Strangers on the internet were asked to declare one of the following:
- NTA – Not The A**hole
- YTA – You’re The A**hole
- ESH – Everyone Sucks Here
- NAH – No A**holes Here
Redditors decided the OP was not the a**hole.
“NTA – Daaamn what your dad did is messed up. I get that abortion might be a sore topic for some people but c’mon, that was just a plain and simple d*ck move to do.”
“He deliberately preyed on Amy’s fears and insecurities and is subjecting her to mental abuse.” – Shaagriel
The OP responded to the above with:
“I don’t know why he acted like this, I swear normally he is very calm and easygoing.”
“I mean this without any jealously, but Amy always was my dad’s favorite as well. She was always a daddy’s girl (I was too, but she was WAY more) and she was basically his shadow growing up.”
“They were really close. My mom also always favorited her a bit more, I really don’t know why they are doing this.”
“I’m actually really confused.”
Redditor Shaagriel continued with their conversation.
“It could’ve hit on some sore points he had about Amy’s bio-mom.

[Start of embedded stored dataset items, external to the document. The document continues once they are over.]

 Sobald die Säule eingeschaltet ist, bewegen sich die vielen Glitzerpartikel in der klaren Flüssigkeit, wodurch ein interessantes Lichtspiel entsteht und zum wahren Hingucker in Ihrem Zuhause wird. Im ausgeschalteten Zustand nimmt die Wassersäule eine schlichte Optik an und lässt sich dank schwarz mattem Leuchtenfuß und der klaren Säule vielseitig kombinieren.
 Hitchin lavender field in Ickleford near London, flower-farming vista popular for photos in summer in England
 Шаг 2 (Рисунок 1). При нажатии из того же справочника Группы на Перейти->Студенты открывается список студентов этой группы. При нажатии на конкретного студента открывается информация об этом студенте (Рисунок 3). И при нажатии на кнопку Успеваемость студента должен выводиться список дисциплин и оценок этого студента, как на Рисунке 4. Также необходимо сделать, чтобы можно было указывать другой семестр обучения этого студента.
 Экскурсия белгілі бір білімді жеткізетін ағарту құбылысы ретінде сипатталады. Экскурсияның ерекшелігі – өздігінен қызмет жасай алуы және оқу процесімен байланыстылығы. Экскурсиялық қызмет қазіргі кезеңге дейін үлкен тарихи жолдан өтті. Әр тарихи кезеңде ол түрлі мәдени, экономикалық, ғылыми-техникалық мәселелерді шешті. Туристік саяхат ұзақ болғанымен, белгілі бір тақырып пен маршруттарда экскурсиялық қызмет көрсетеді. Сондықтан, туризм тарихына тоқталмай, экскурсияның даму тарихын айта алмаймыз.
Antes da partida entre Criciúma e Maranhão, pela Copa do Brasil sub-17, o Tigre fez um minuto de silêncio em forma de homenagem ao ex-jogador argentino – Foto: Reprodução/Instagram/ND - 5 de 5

He might have kinda thought what would’ve happened if Amy’s bm had done this, so whiplash effect… understandable motive but still a d*ck move for what he did.”
“You may wanna let him cool off a bit and talk to him abt it. Edit: just to add on, if you feel like an a** for ‘ruining Christmas’ as your family claims, you aren’t. Because you didn’t ruin the dinner.”

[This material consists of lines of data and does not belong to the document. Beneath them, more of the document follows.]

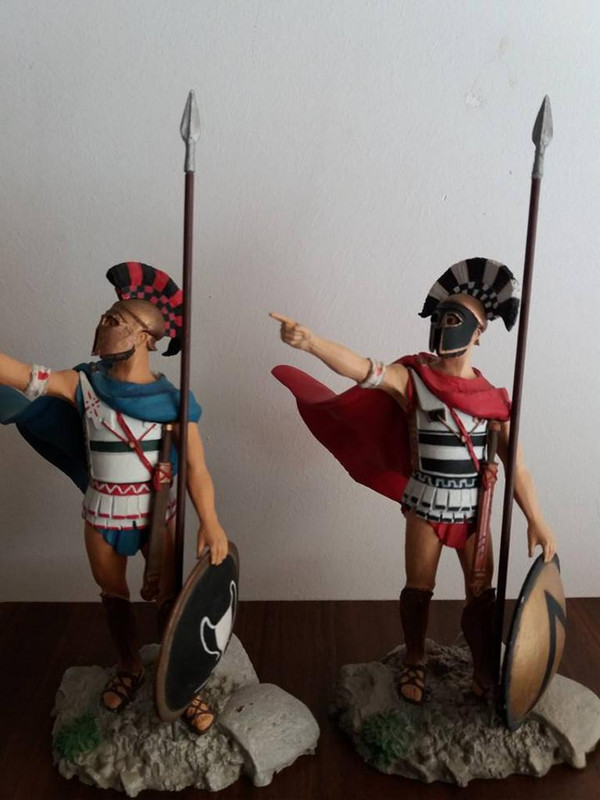 Είναι φιγούρες αρχαίων Ελλήνων οπλιτών.Με τον μπλε μανδύα είναι Αθηναίος οπλίτης κ με τον κόκκινο Σπαρτιάτης αξιωματικός.Τα χρώματα κ τα σχέδια δεν είναι τυχαία αλλα απο μελέτη που έκανα απο κάποια περιοδικά σχετικά με τους οπλίτες της κλασσικής εποχής. :)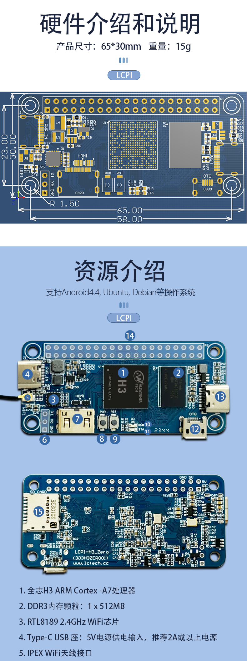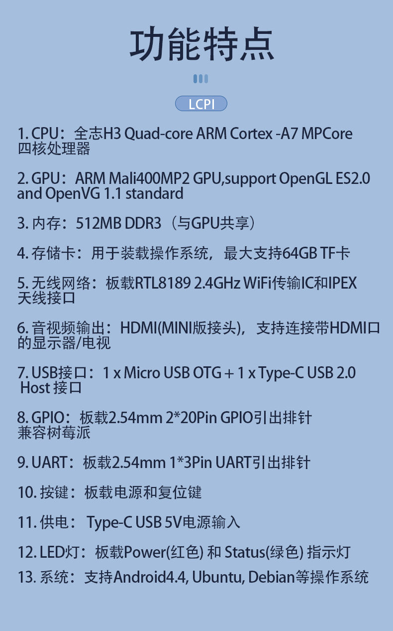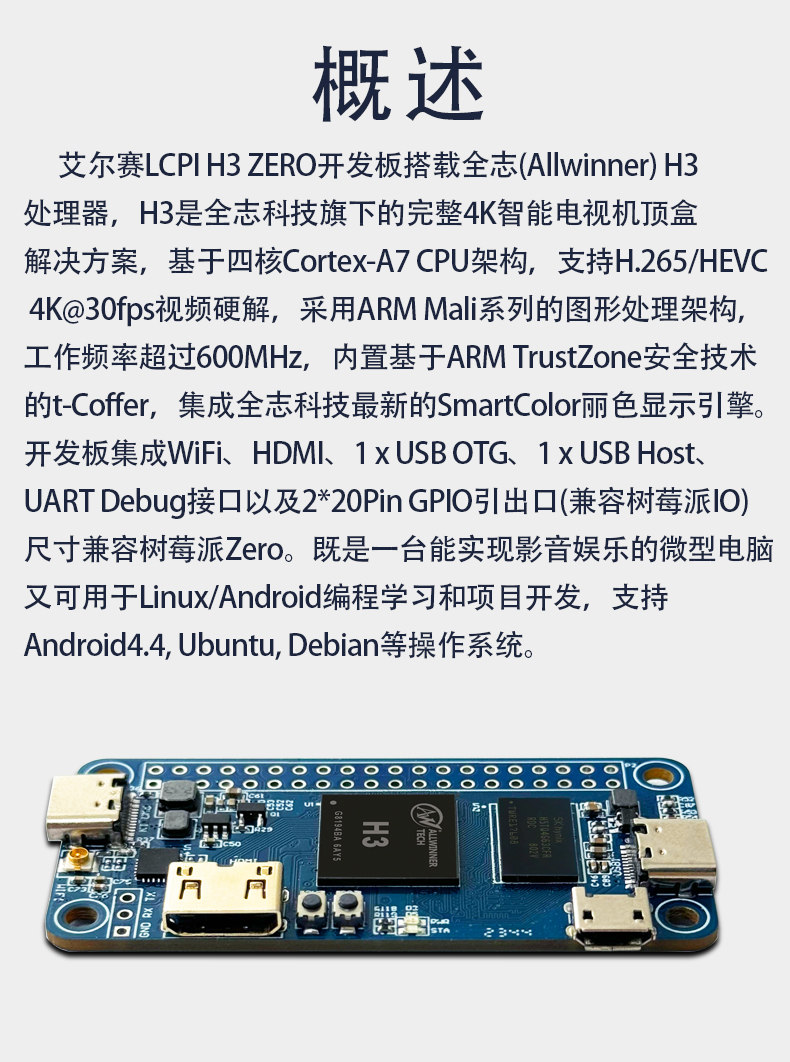 LCPI全志H3 Zero开发板安卓/Ubuntu/Linux 开源编程四核ARM学习板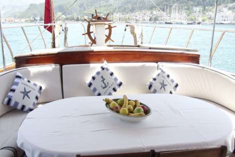 2008 yılında denize inen teknemiz, 2015 yılında revize edilerek sizlerin kullanımına hazır hale getirilmiştir. 2016 yılında ise tümüyle revize edilen teknemiz, muhteşem mavi yolculuk için sizlere en iyi ve en kaliteli hizmeti verebilmek için hazır hale getirilmiş olup, geniş, konforlu, huzurlu yaşam alanlarıyla öne çıkmaktadır. Teknemiz 6 kişiye kadar siz misafirlerimizi konuk edebilir, güler yüzlü, deneyimli ve sizlerin memnuniyetine odaklı 3 kişilik mürettebat ekibiyle kaliteli servis hizmeti sunmaktadır. İnternet erişimi mevcut olan teknemiz, lüks sınıf tekneler kategorisine girmektedir.

“Your dad is mature enough to know that what he had quite obviously planned for the night would have some consequences and backlash, and if your family thinks making your daughter cry on Christmas isn’t enough to ruin dinner then maybe they should reevaluate their priorities.”

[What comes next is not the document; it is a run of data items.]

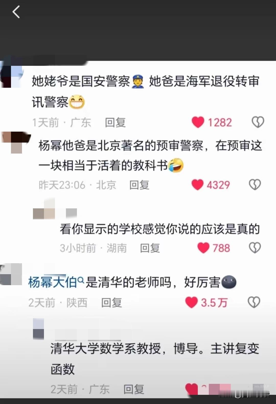 关于杨幂 有一个疑问 还是想问出来 她在小雪节气发了一张 表明立场的照片 获得了很多人的点赞 这个赞是值得和肯定的 重点来了 评论区有网友“揭”了她的家底 说她爷爷/爸爸/大伯 多么多么优秀 这在我们普通人看来 已经是天花板级.别的家庭了 可她为啥还选择把 女儿的抚养权放在夫家呢 有懂的友友么
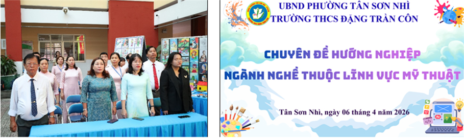 Sáng 6-4, Trường THCS Đặng Trần Côn (phường Tân Sơn Nhì, TPHCM) tổ chức chuyên đề hướng nghiệp với chủ đề “Các ngành nghề thuộc lĩnh vực mỹ thuật” dành cho học sinh khối 8 và 9. Chương trình thu hút sự tham gia của Ban giám hiệu, giáo viên, các đơn vị tư vấn hướng nghiệp cùng đông đảo học sinh.
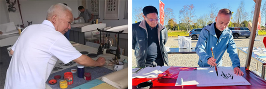 課程內容:幫助學員了解和掌握書畫基本技巧和知識,培養中國傳統文化的興趣和理解,增強學員的藝術創造力和審美能力,春節為當地群眾送對聯字畫。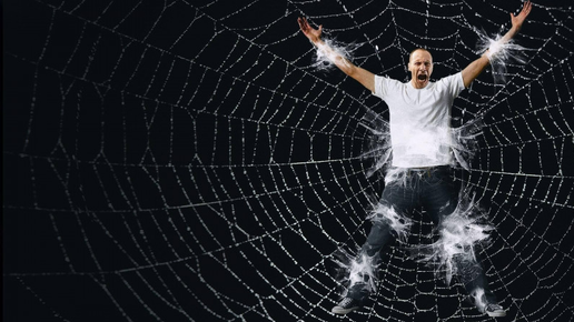 Паучок выстреливает паутину. Видно невооружённым глазом. А какие длинные у него передние ноги! Это точно ноги?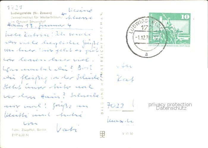 72077050 alte Postkarte Ludwigsfelde Zentralinstitut fuer Weiterbildung postalisch gelaufen Erhaltung siehe scans KatCode: 11110012072240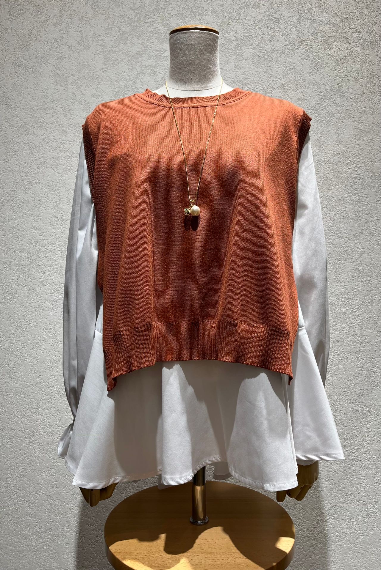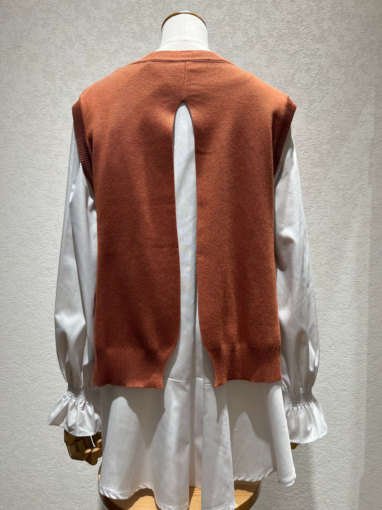 ブラウスの着丈も長めなのでパンツに合わせやすく、ベストとブラウスは別々にも着られるので幅広いコーディネートを楽しんでいただけます!

Redditors continued weighing in with their thoughts.
“Your father did the cruelest thing he could have done to your sister. Your mother sat back and watched. Your brothers think that if the two of you had not said anything that would have been fine.”
“Honestly? Your parents and your brothers aren’t that great. The idea that he’s normally calm and easygoing is nice, but he has the capacity to do something like this.” – Whiteroses7252012
“Your dad ruined Christmas plain and simple. He knew that what he was doing was going to create conflict.”
“Im so sorry for you and your sister. Your sister’s bio mom did nothing wrong. Your sister probably can understand where her bio mom was coming from.”
“It’s sad that her fiance broke up with her, but it is true that surgery rotations are hard and it would massively harder to do it while pregnant.”
“She’s 30 and probably wants to be done with med school so she can go on to get the job she wants finally (which is why she probably didn’t want to take a gap year or something).”
“Just be there for your sister. Maybe encourage her to reach out to bio-mom when she is feeling up to it, it could help her a lot.” – dyingstars28
“I’d also add that maybe OP contacts bio mum and explains to her why right now she isn’t getting a call from her bio daughter.”
“This can’t have been easy for her as well, and now she’s probably sitting there wondering why this call isn’t coming.” – AlexTMcgn
“NTA. Your entire family (other than your sister) is a family of AH. I think anyone who acts like that towards me, friend of family, I would cut contact immediately. F them. No empathy. So much for ‘family.’ Disgusting.”
“Stay by your sister’s side. She’s better off without that AH fiance anyway.”
“No matter what anyone perceives it nor says, WOMEN ARE NOT BABY MAKING MACHINES. YOUR SISTER HAS THE RIGHT TO HER OWN LIFE.”
“Call out your dad whenever you get the chance. As well as ANYONE who sided with him.”
“Your mum? Shame on her for staying silent. Disgusting. Your brothers? Disgusting. Your father? A monster.”
“So much for being ‘Christian’/religious (whatever religion you are).” – reyx121
Redditors thought the OP’s reaction to her father’s deliberately cruel and callous gift for Amy was warranted.